Task instructions:
Images excepted, the data below must be repeated exactly.

Given material:
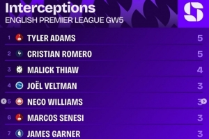 英超第5轮拦截榜:
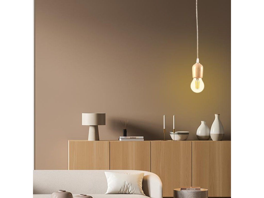 Drevená objímka značky NEDES, je určená pre žiarovky resp. filamenty s päticou E27, s výkonom max. 60W.
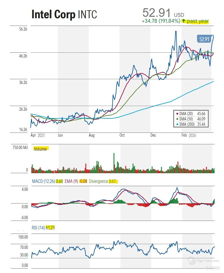 On 07 Apr 2026, INTC closed the day at $52.91 /share.
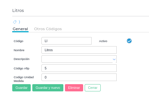 Este maestro reúne unidades de distintas características, tales como medida, peso o longitud. Deben ser dadas de alta todas las unidades correspondientes a las distintas presentaciones y usos de los productos. Los registros de este formulario son los valores posibles de los campos Unidad de stock 1, Unidad de stock 2, Unidad de ventas y Unidad de compras dentro de la configuración de los productos.

Task solution:
 英超第5轮拦截榜:
 Drevená objímka značky NEDES, je určená pre žiarovky resp. filamenty s päticou E27, s výkonom max. 60W.
 On 07 Apr 2026, INTC closed the day at $52.91 /share.
 Este maestro reúne unidades de distintas características, tales como medida, peso o longitud. Deben ser dadas de alta todas las unidades correspondientes a las distintas presentaciones y usos de los productos. Los registros de este formulario son los valores posibles de los campos Unidad de stock 1, Unidad de stock 2, Unidad de ventas y Unidad de compras dentro de la configuración de los productos.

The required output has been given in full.